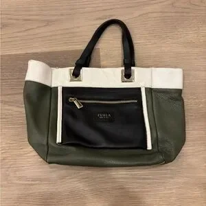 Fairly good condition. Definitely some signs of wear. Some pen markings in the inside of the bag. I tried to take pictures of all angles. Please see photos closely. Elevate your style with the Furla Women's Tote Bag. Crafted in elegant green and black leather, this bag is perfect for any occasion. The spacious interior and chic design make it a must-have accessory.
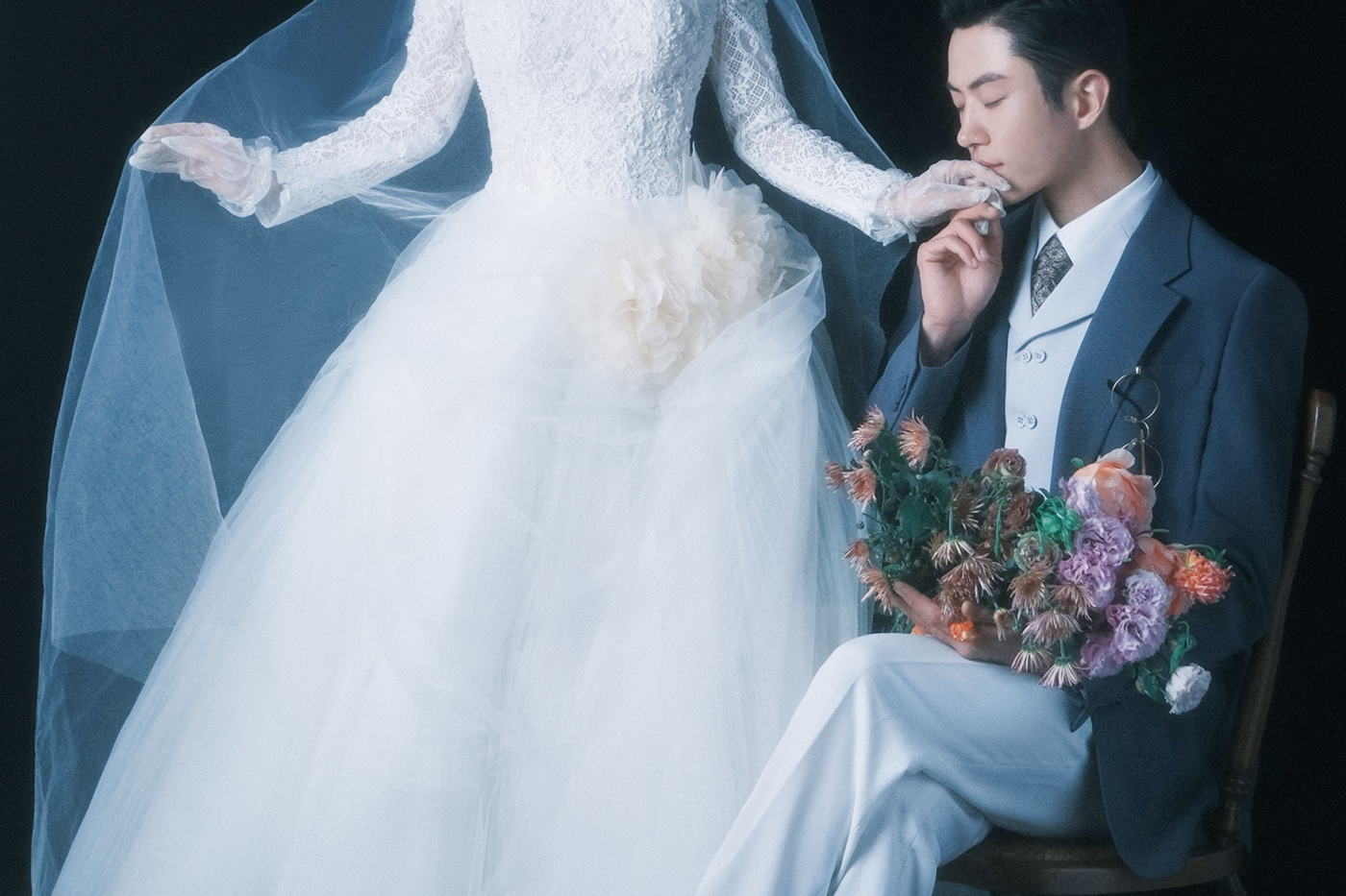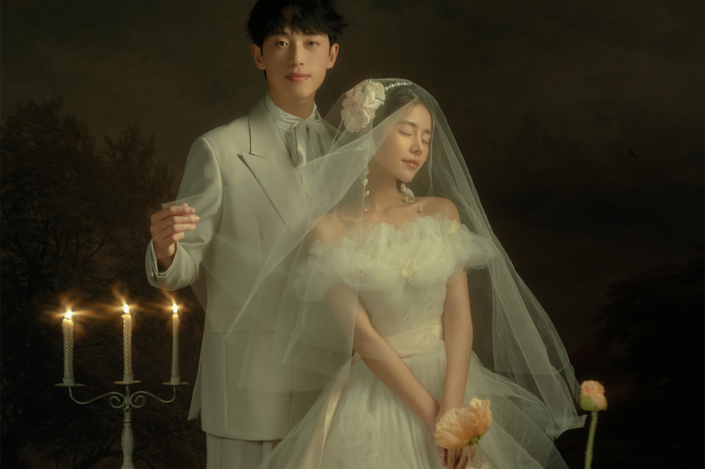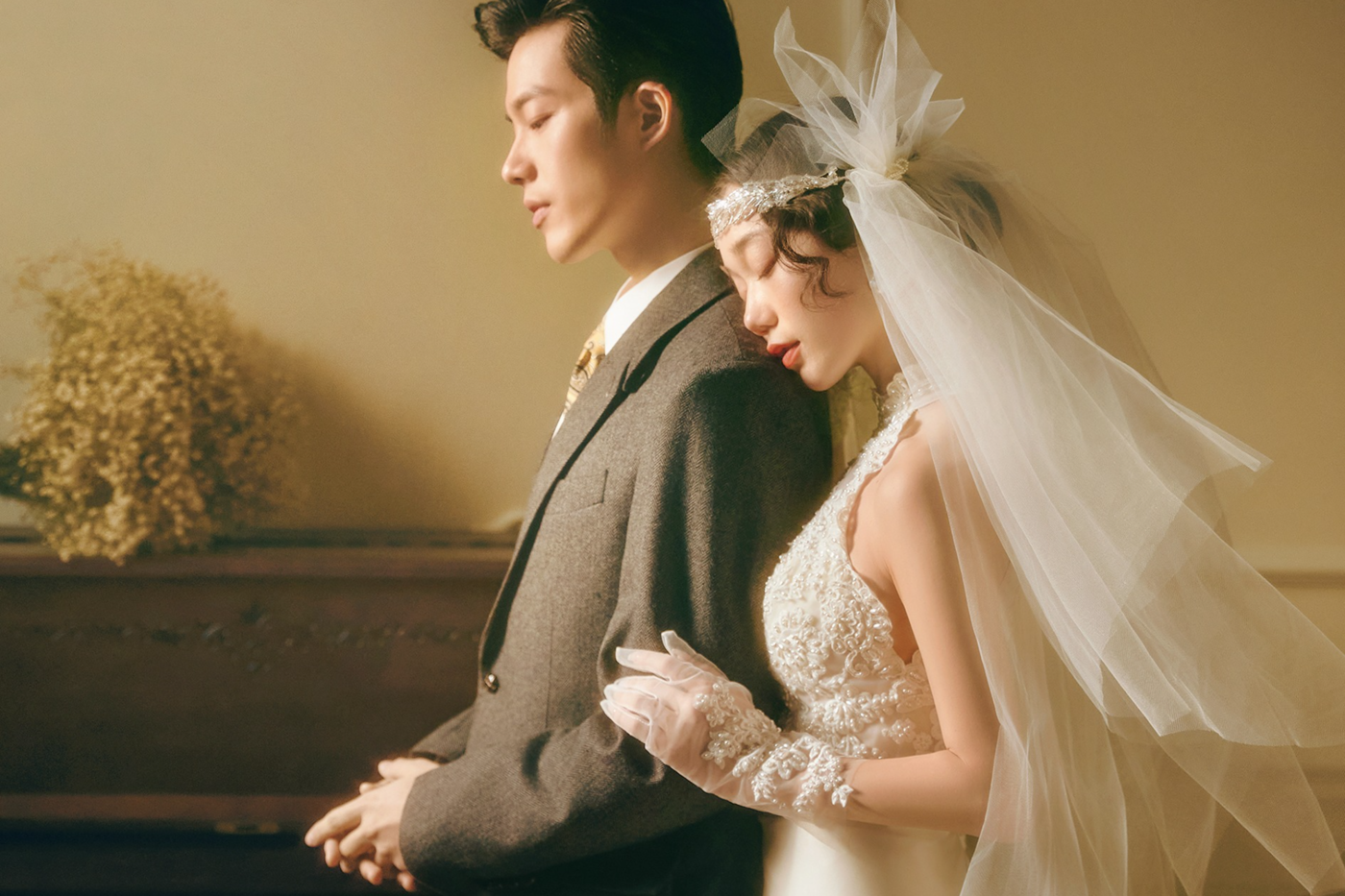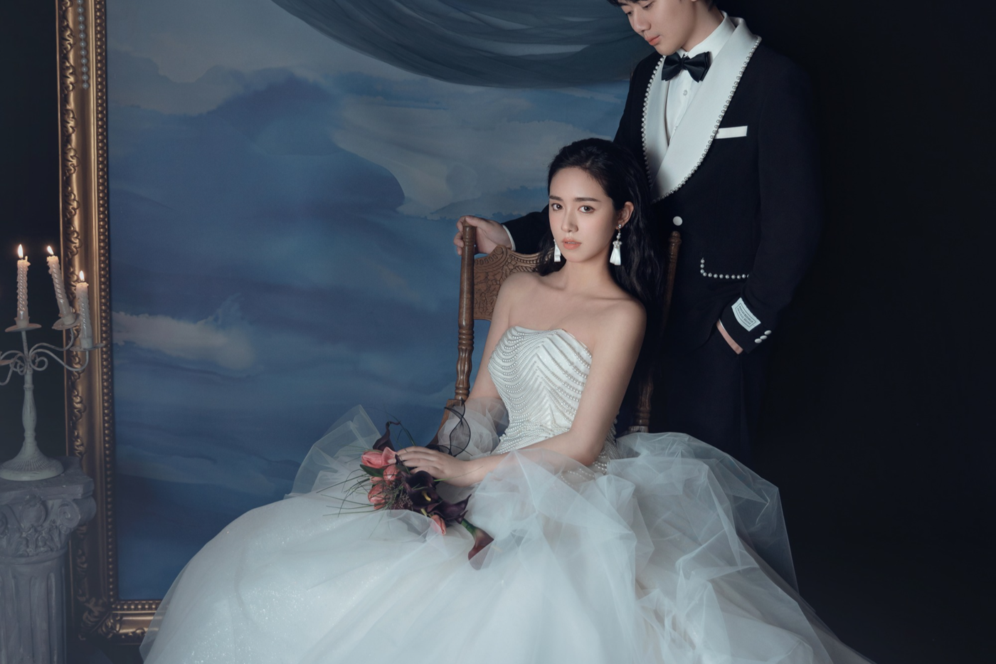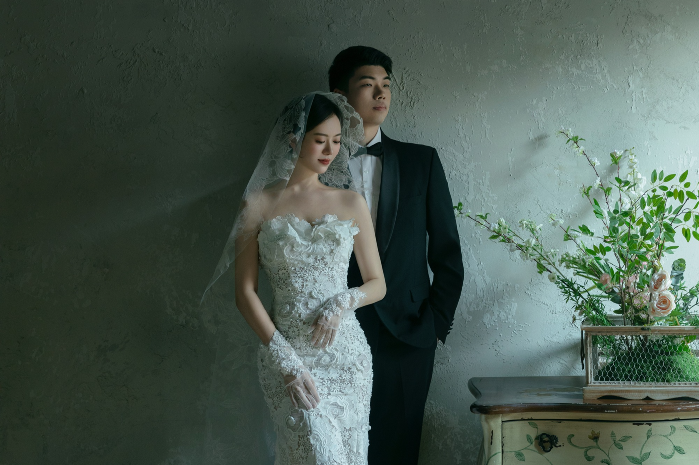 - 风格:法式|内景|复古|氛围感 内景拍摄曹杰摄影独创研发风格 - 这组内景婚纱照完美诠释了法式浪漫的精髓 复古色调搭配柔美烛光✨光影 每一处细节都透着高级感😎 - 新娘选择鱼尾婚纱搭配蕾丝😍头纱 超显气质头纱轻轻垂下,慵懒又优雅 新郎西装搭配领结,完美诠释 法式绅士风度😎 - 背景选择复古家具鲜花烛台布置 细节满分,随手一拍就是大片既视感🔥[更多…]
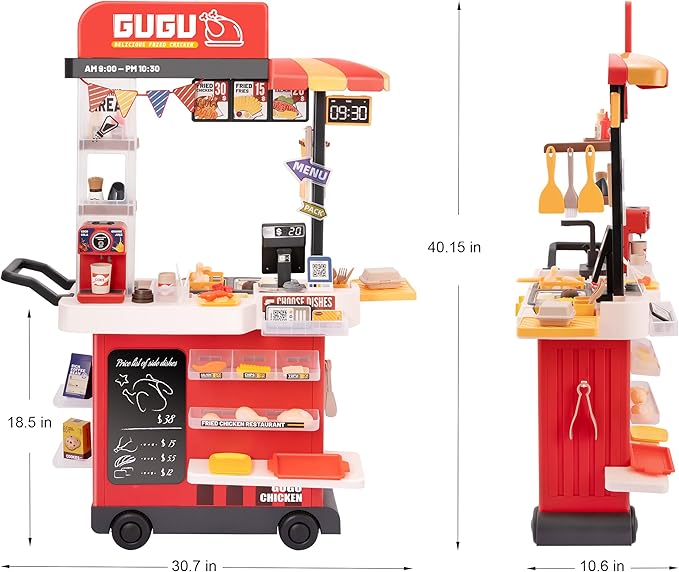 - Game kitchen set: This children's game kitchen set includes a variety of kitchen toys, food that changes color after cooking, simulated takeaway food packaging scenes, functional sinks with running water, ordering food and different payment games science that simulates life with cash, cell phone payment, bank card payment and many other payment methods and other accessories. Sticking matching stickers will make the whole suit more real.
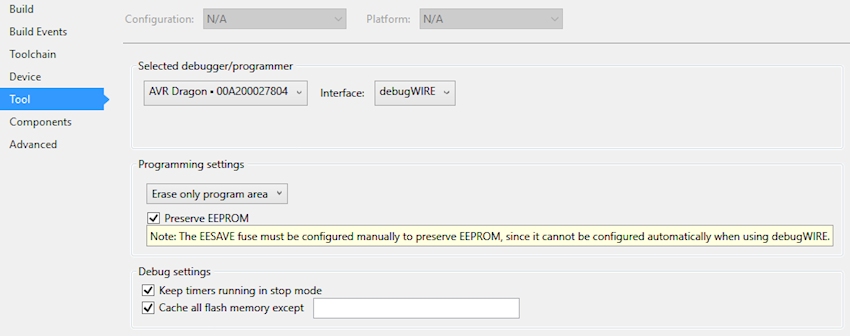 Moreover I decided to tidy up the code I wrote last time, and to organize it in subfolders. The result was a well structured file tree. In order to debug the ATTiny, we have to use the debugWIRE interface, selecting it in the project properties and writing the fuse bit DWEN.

### Exercise objective
Only an exact copy is needed: the lines from the opening of the listing through the line with "- 风格:法式|内景|复古|氛围感 内景拍摄曹杰摄影独创研发风格", both included, minus the pictures.

### Solution
 Fairly good condition. Definitely some signs of wear. Some pen markings in the inside of the bag. I tried to take pictures of all angles. Please see photos closely. Elevate your style with the Furla Women's Tote Bag. Crafted in elegant green and black leather, this bag is perfect for any occasion. The spacious interior and chic design make it a must-have accessory.
 - 风格:法式|内景|复古|氛围感 内景拍摄曹杰摄影独创研发风格 - 这组内景婚纱照完美诠释了法式浪漫的精髓 复古色调搭配柔美烛光✨光影 每一处细节都透着高级感😎 - 新娘选择鱼尾婚纱搭配蕾丝😍头纱 超显气质头纱轻轻垂下,慵懒又优雅 新郎西装搭配领结,完美诠释 法式绅士风度😎 - 背景选择复古家具鲜花烛台布置 细节满分,随手一拍就是大片既视感🔥[更多…]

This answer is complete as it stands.